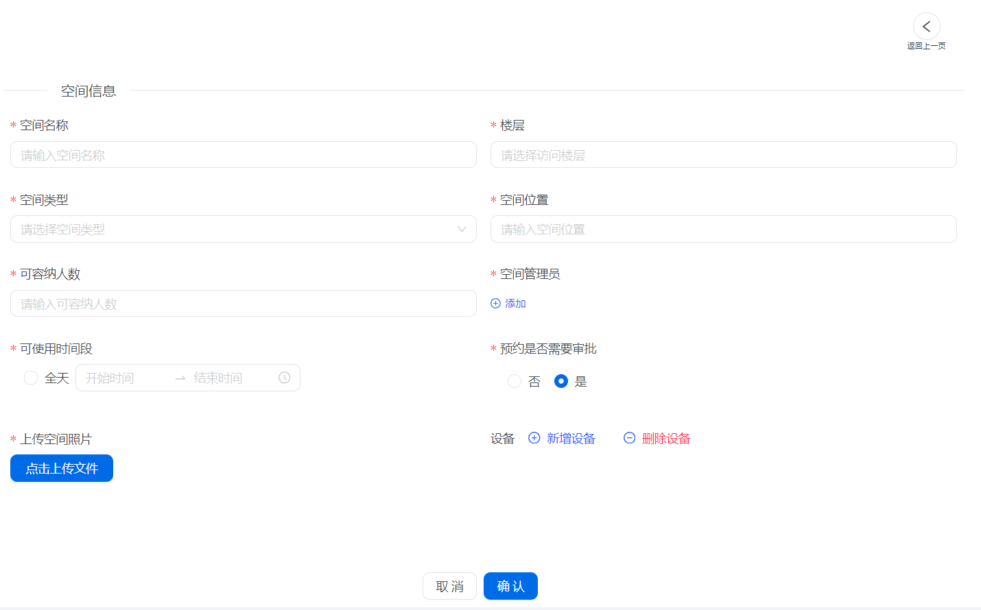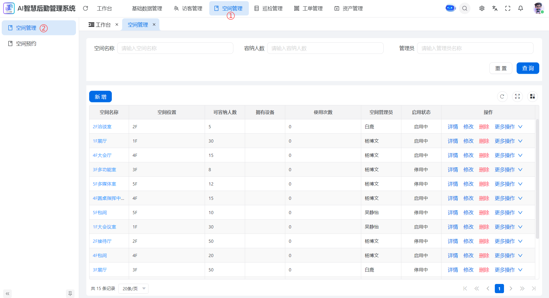#### 1. 页面概述 空间管理页面主要用于管理和查看不同空间的信息,包括空间的名称、容纳人数、位置、管理者等信息。用户可以在此页面进行新增、查询、修改和删除空间信息的操作。 #### 2. 页面布局 页面主要分为两个部分:查询条件区域和空间信息列表区域。 #### 3. 查询条件区域 在页面顶部,提供了三个查询条件输入框: - **空间名称**:输入需要查询的空间名称。 - **容纳人数**:输入需要查询的空间容纳人数。 - **管理员**:输入需要查询的空间管理员名称。 右侧有两个按钮: - **重置**:点击该按钮可以清空所有查询条件。 - **查询**:点击该按钮可以执行查询操作,显示符合条件的空间信息。 #### 4. 空间信息列表区域 查询结果以表格形式展示,表格包含以下列: - **空间名称**:空间的名称。 - **空间位置**:空间所在的位置。 - **可容纳人数**:空间可容纳的最大人数。 - **拥有设备**:空间拥有的设备情况。 - **使用次数**:空间的使用次数。 - **空间管理员**:负责管理该空间的管理员。 - **启用状态**:空间的启用状态,如启用中、停用中等。 - **操作**:对空间进行详细查看、修改、删除等操作的按钮。 在表格上方有一个“新增”按钮,点击该按钮可以跳转到新增空间信息的页面。 #### 5. 新增空间信息页面 在新增空间信息页面,用户需要填写以下信息: - **空间名称**:必填项,输入空间的名称。 - **空间类型**:必填项,选择空间的类型。 - **可容纳人数**:必填项,输入空间可容纳的最大人数。 - **可使用时间段**:必填项,选择空间的可用时间段。 - **上传空间照片**:可选,上传空间的照片。 - **楼层**:必填项,输入空间所在的楼层。 - **空间位置**:必填项,输入空间的具体位置。 - **空间管理员**:必填项,选择或输入空间的管理员。 - **预约是否需要审批**:选择是否需要对空间的预约进行审批。 页面底部有“取消”和“确认”按钮,用户可以取消操作或确认新增空间信息。
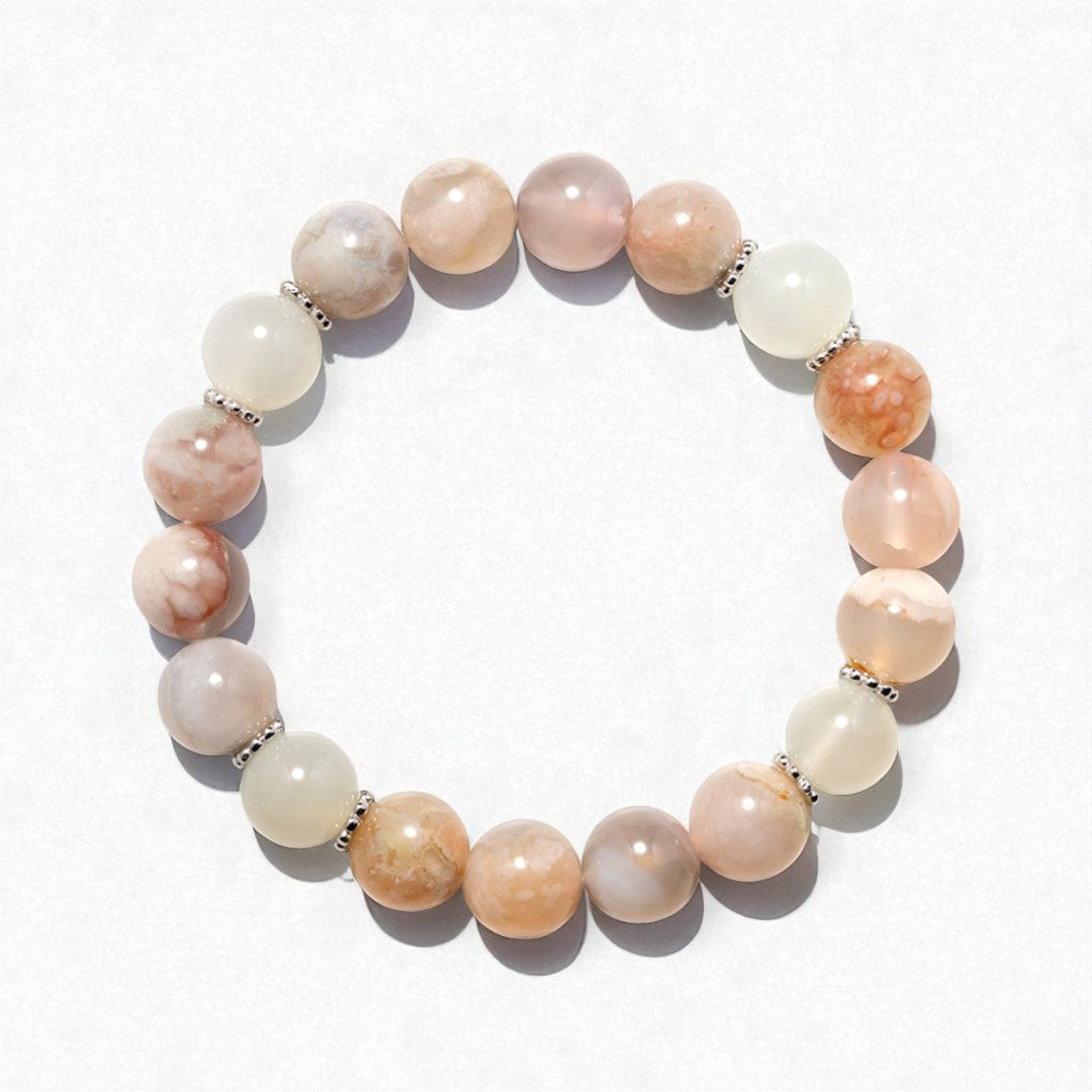櫻花瑪瑙月光石925銀手鏈 | 一圖一物
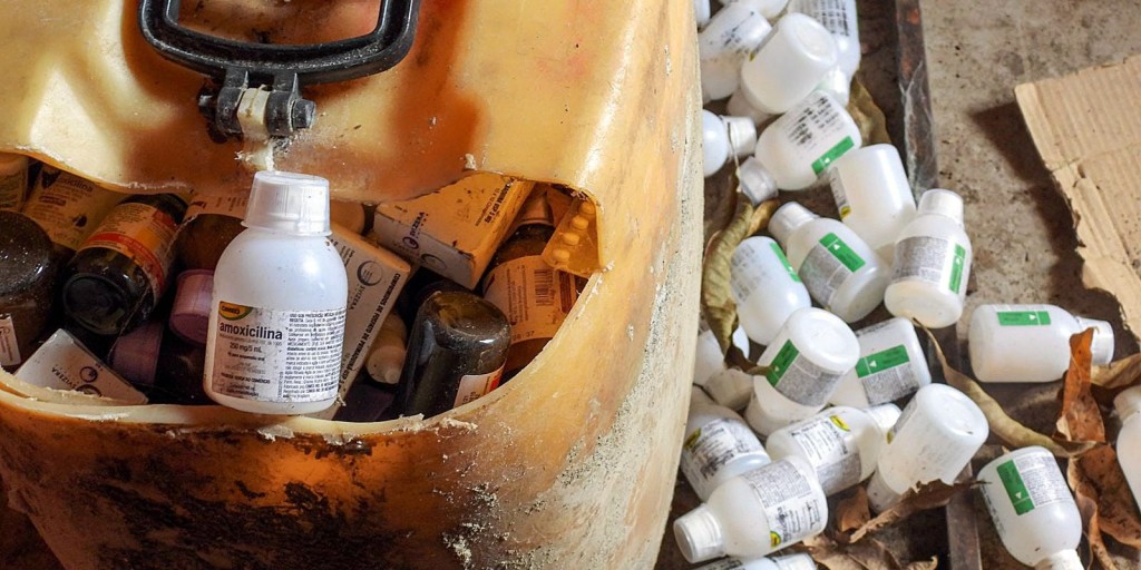 Em imagens, é possível ver frascos e caixas de remédios de diversos tipos e laboratórios, acondicionados em sacos plásticos e caixas maiores. Há, entre as substâncias, o antibiótico amoxilina; cloridrato de lidocaína, um injetável que serve para anestesiar regiões do corpo, e nistatina, medicamento utilizado no tratamento de candidíase. Alguns frascos estavam estufados e quase completamente cobertos de sujeira.
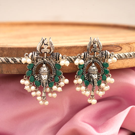 Sacred Sparkle pearl dangler earrings (Green)
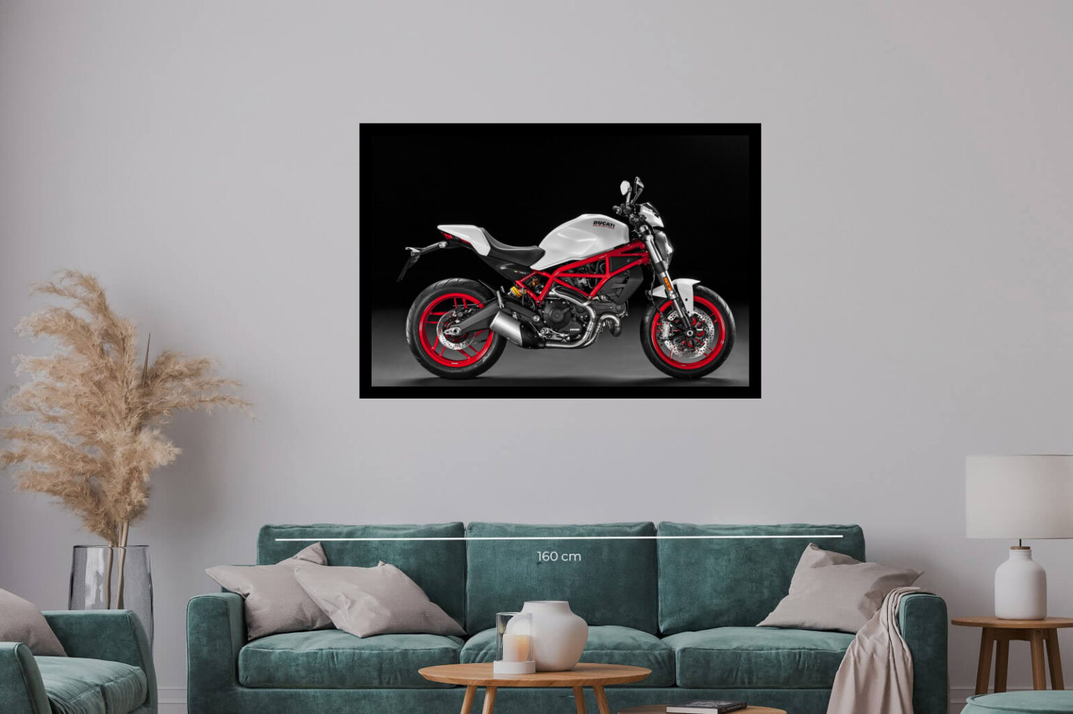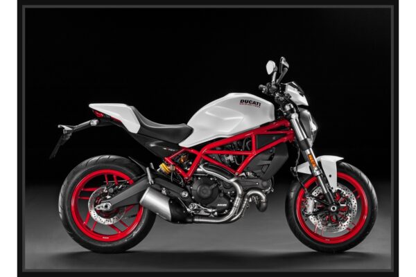 Фотография на бял Ducati Monster със спортна визия и червена рамка. Дизайнът е изчистен и минималистичен, като контрастът между бялото, червеното и черното придава модерен и мощен характер на мотора. Заснет на черен фон за максимално въздействие.

* **THE PROBLEM**: Output the records above verbatim. Pictures stay out.

* **WRITTEN RESPONSE**:
#### 1. 页面概述 空间管理页面主要用于管理和查看不同空间的信息,包括空间的名称、容纳人数、位置、管理者等信息。用户可以在此页面进行新增、查询、修改和删除空间信息的操作。 #### 2. 页面布局 页面主要分为两个部分:查询条件区域和空间信息列表区域。 #### 3. 查询条件区域 在页面顶部,提供了三个查询条件输入框: - **空间名称**:输入需要查询的空间名称。 - **容纳人数**:输入需要查询的空间容纳人数。 - **管理员**:输入需要查询的空间管理员名称。 右侧有两个按钮: - **重置**:点击该按钮可以清空所有查询条件。 - **查询**:点击该按钮可以执行查询操作,显示符合条件的空间信息。 #### 4. 空间信息列表区域 查询结果以表格形式展示,表格包含以下列: - **空间名称**:空间的名称。 - **空间位置**:空间所在的位置。 - **可容纳人数**:空间可容纳的最大人数。 - **拥有设备**:空间拥有的设备情况。 - **使用次数**:空间的使用次数。 - **空间管理员**:负责管理该空间的管理员。 - **启用状态**:空间的启用状态,如启用中、停用中等。 - **操作**:对空间进行详细查看、修改、删除等操作的按钮。 在表格上方有一个“新增”按钮,点击该按钮可以跳转到新增空间信息的页面。 #### 5. 新增空间信息页面 在新增空间信息页面,用户需要填写以下信息: - **空间名称**:必填项,输入空间的名称。 - **空间类型**:必填项,选择空间的类型。 - **可容纳人数**:必填项,输入空间可容纳的最大人数。 - **可使用时间段**:必填项,选择空间的可用时间段。 - **上传空间照片**:可选,上传空间的照片。 - **楼层**:必填项,输入空间所在的楼层。 - **空间位置**:必填项,输入空间的具体位置。 - **空间管理员**:必填项,选择或输入空间的管理员。 - **预约是否需要审批**:选择是否需要对空间的预约进行审批。 页面底部有“取消”和“确认”按钮,用户可以取消操作或确认新增空间信息。
櫻花瑪瑙月光石925銀手鏈 | 一圖一物
 Em imagens, é possível ver frascos e caixas de remédios de diversos tipos e laboratórios, acondicionados em sacos plásticos e caixas maiores. Há, entre as substâncias, o antibiótico amoxilina; cloridrato de lidocaína, um injetável que serve para anestesiar regiões do corpo, e nistatina, medicamento utilizado no tratamento de candidíase. Alguns frascos estavam estufados e quase completamente cobertos de sujeira.
 Sacred Sparkle pearl dangler earrings (Green)
 Фотография на бял Ducati Monster със спортна визия и червена рамка. Дизайнът е изчистен и минималистичен, като контрастът между бялото, червеното и черното придава модерен и мощен характер на мотора. Заснет на черен фон за максимално въздействие.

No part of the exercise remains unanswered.